ASSIGNMENT:
Print only the lines below from the one with "ペルソナは「担当者個人」の人" to the one with "3本段差仕様で多点掛けを誘発", both included, exactly as they stand. Leave pictures out.

SUPPLIED DATA:
--- --- ---

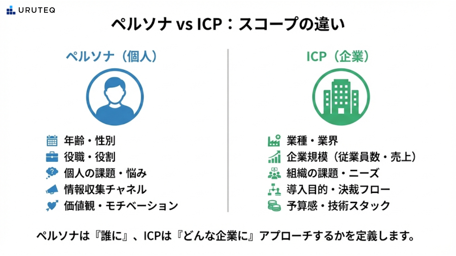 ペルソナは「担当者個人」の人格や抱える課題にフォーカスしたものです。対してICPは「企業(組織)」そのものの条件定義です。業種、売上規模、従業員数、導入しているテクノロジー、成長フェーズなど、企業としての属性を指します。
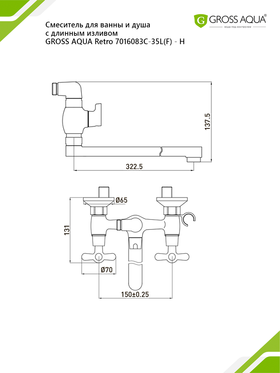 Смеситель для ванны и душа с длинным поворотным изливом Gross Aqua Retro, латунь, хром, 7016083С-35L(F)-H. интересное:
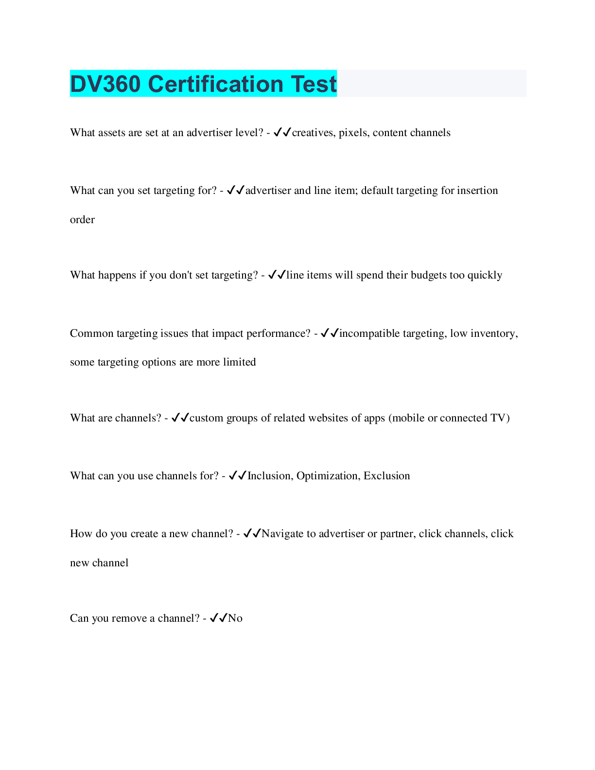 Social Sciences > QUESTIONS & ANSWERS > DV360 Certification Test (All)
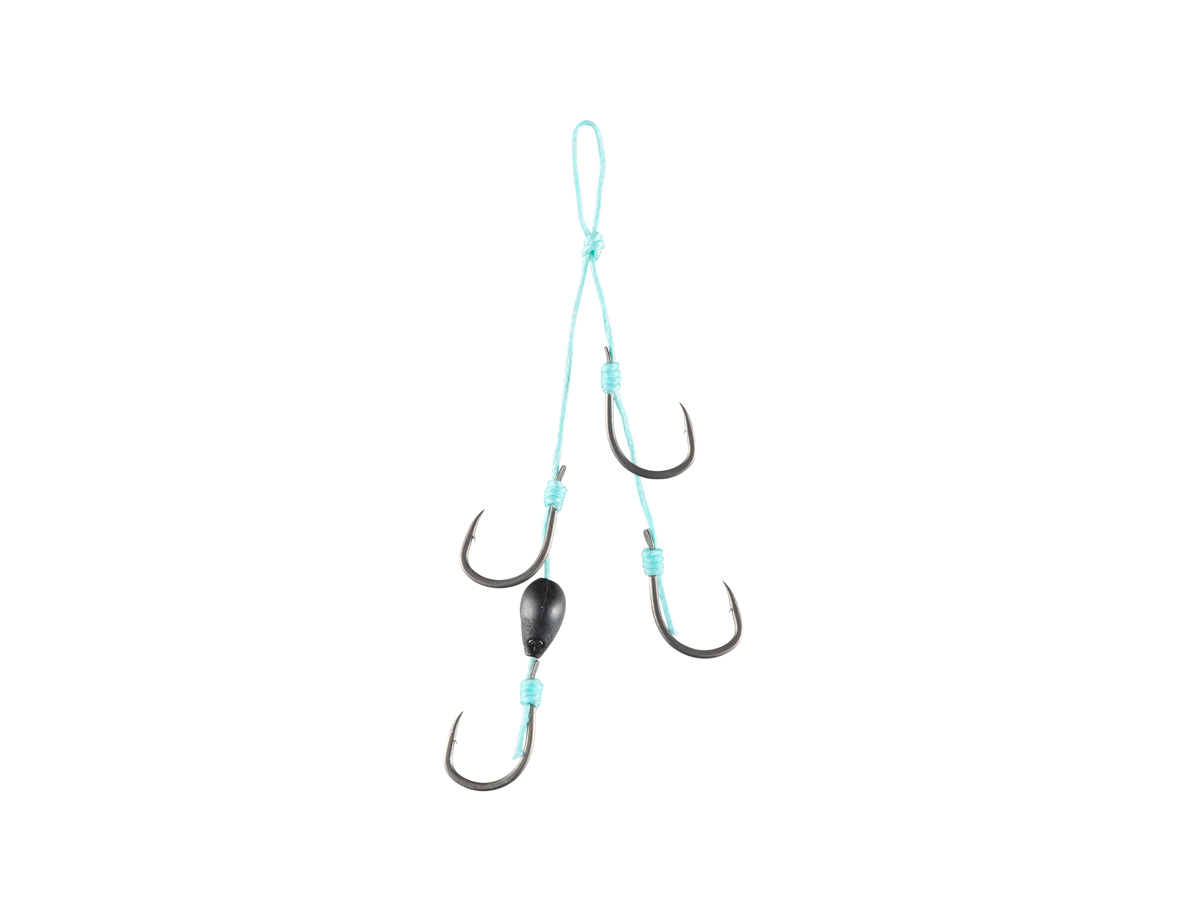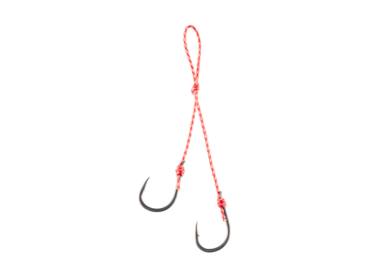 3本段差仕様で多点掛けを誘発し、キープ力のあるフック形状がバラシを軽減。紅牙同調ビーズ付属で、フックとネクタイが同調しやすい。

--- --- ---

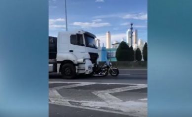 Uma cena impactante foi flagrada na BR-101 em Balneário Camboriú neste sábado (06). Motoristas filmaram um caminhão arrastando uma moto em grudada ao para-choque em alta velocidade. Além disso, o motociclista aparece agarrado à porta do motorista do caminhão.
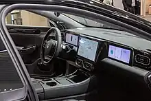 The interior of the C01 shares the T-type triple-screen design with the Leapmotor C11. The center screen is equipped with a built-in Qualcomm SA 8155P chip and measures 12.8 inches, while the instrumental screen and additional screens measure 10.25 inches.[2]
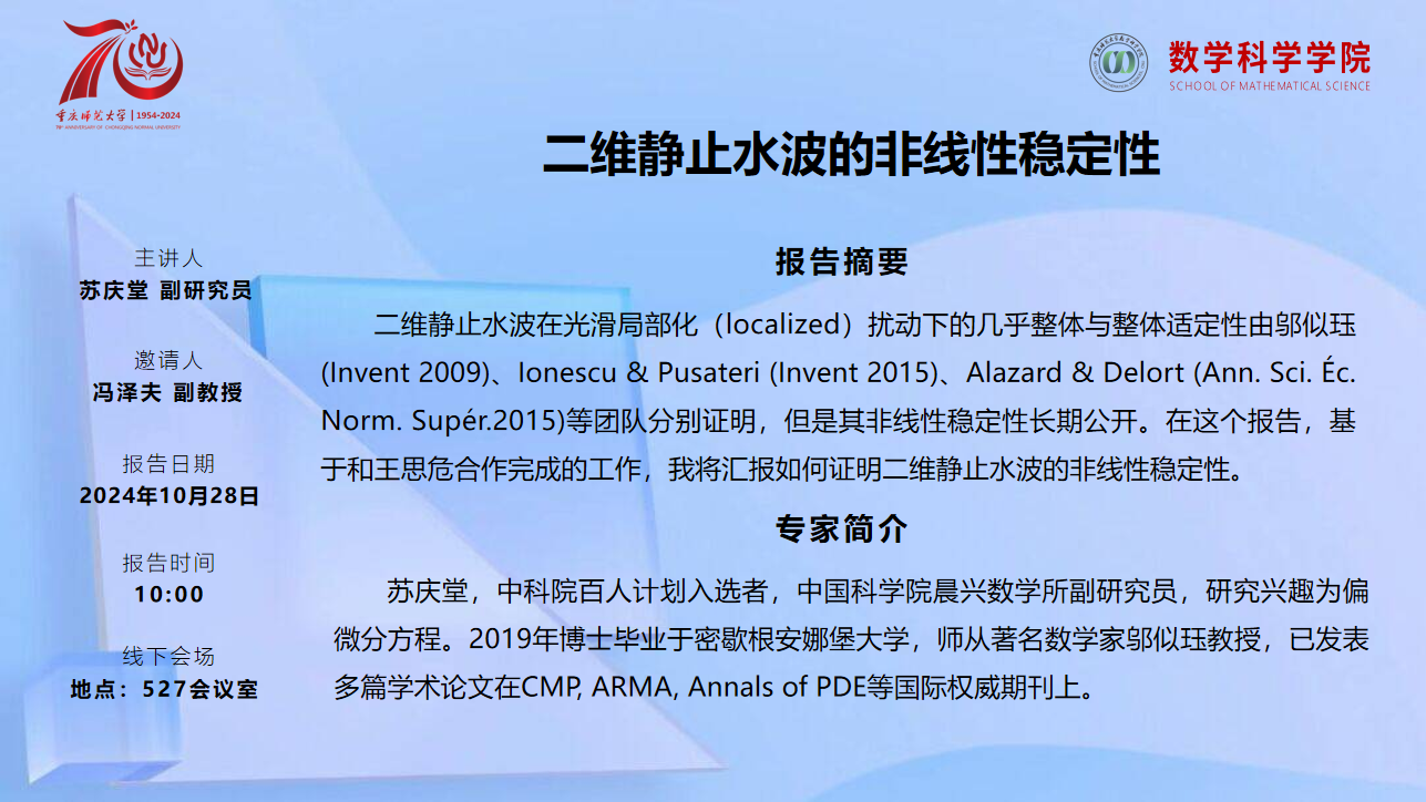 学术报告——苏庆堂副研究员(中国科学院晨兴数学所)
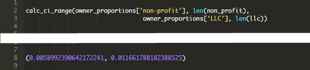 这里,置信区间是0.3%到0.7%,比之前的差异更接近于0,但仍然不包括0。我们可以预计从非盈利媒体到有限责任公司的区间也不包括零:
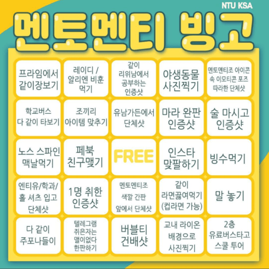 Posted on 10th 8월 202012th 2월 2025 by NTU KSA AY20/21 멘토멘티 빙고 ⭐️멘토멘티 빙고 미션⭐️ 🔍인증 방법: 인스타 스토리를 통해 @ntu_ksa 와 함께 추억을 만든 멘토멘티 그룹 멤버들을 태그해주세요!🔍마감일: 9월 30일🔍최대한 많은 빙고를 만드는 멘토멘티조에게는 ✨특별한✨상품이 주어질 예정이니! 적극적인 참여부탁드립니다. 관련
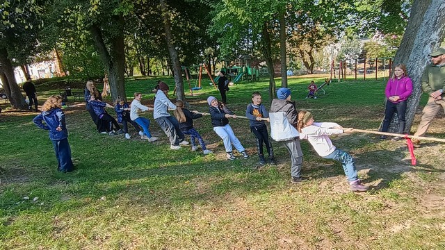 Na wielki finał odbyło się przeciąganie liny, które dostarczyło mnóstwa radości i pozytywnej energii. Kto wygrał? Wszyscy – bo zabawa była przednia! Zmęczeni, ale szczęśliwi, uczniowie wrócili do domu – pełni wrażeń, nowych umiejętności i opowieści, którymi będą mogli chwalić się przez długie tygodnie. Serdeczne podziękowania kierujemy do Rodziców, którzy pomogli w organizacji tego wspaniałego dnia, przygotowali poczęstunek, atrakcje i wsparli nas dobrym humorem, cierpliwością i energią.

--- --- ---

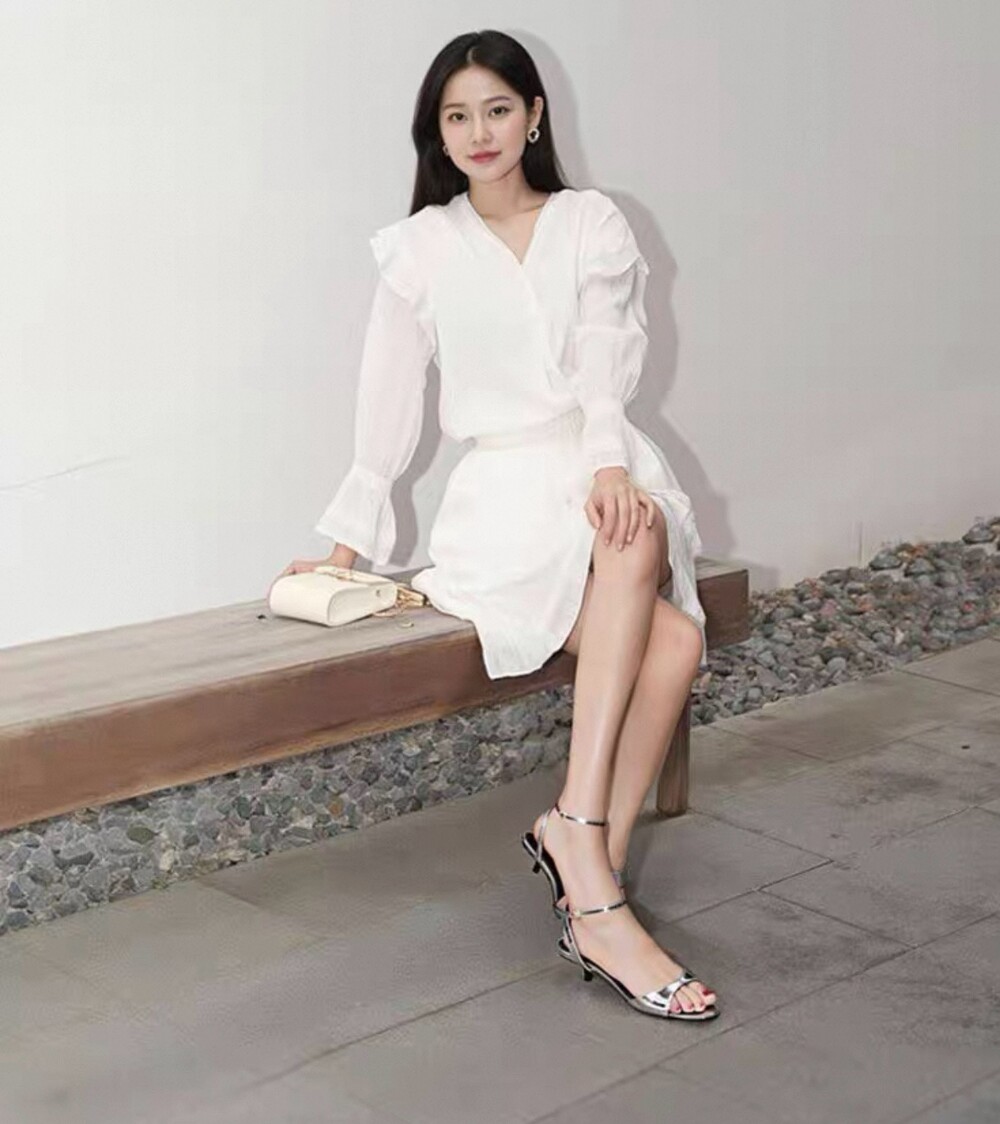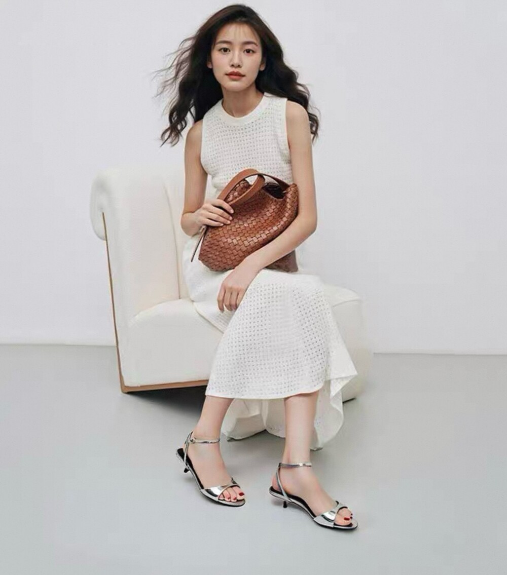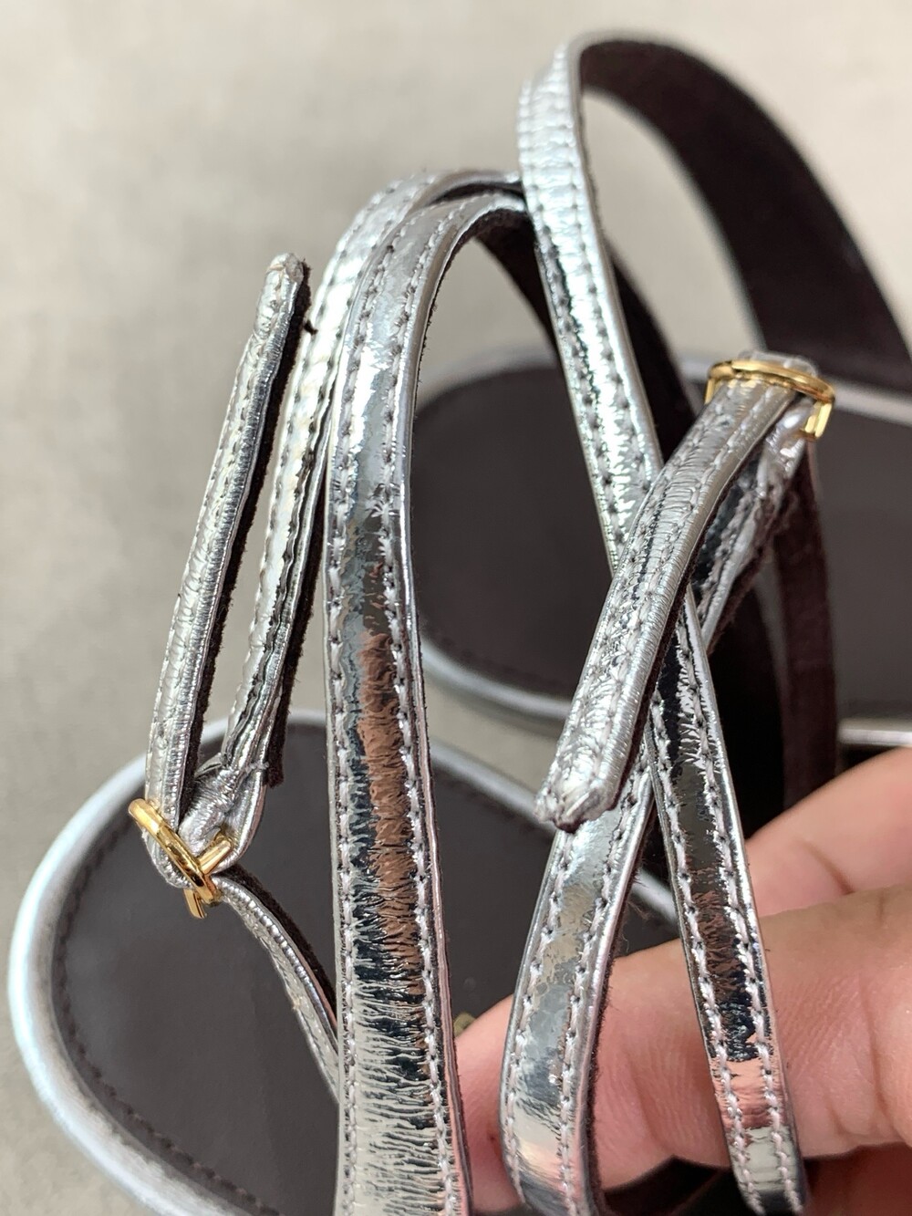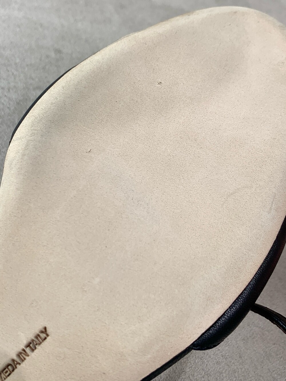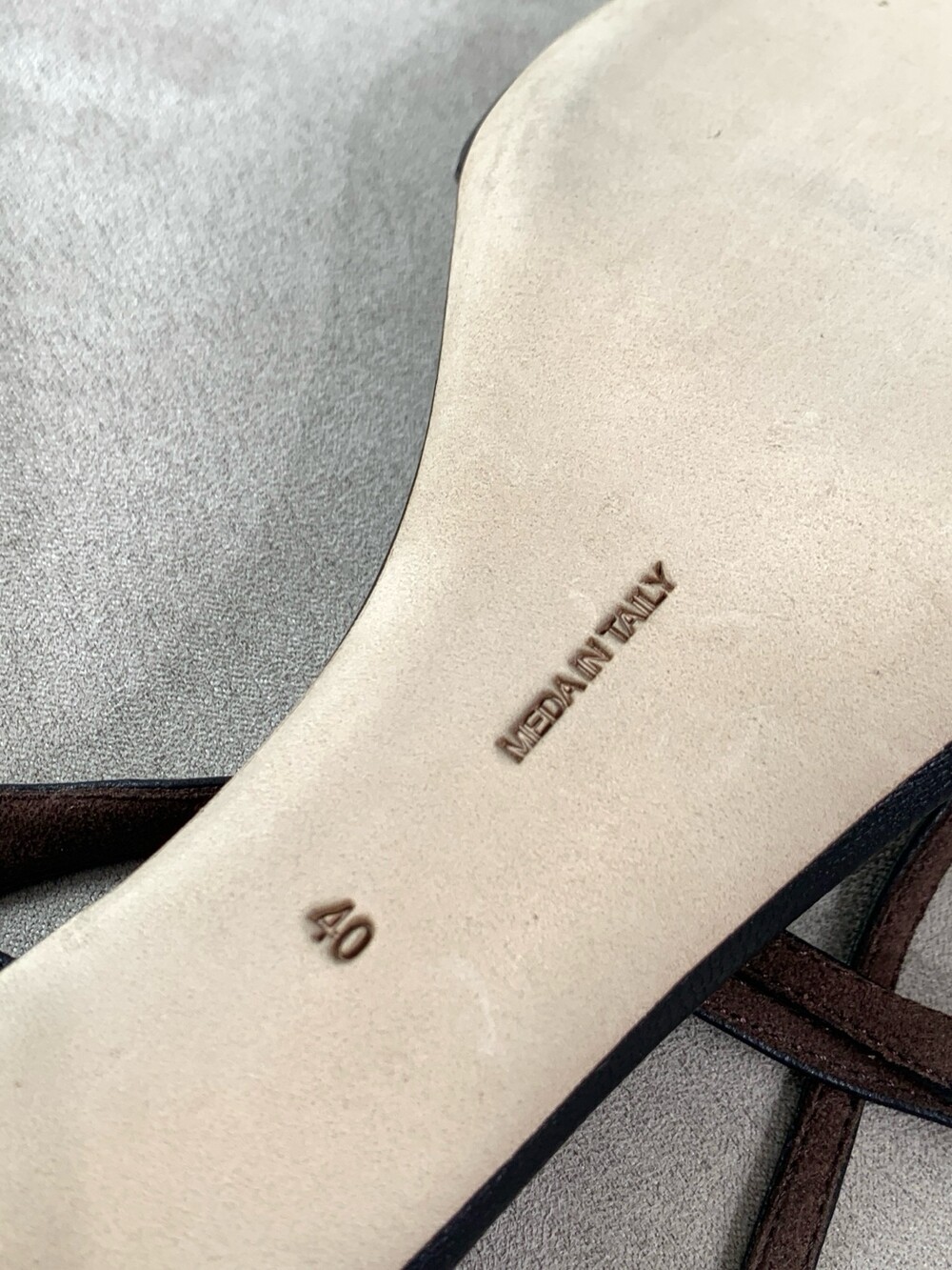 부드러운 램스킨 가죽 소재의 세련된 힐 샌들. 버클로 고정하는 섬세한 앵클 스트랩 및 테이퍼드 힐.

--- --- ---

RESULT FOR THIS TASK:
 ペルソナは「担当者個人」の人格や抱える課題にフォーカスしたものです。対してICPは「企業(組織)」そのものの条件定義です。業種、売上規模、従業員数、導入しているテクノロジー、成長フェーズなど、企業としての属性を指します。
 Смеситель для ванны и душа с длинным поворотным изливом Gross Aqua Retro, латунь, хром, 7016083С-35L(F)-H. интересное:
 Social Sciences > QUESTIONS & ANSWERS > DV360 Certification Test (All)
 3本段差仕様で多点掛けを誘発し、キープ力のあるフック形状がバラシを軽減。紅牙同調ビーズ付属で、フックとネクタイが同調しやすい。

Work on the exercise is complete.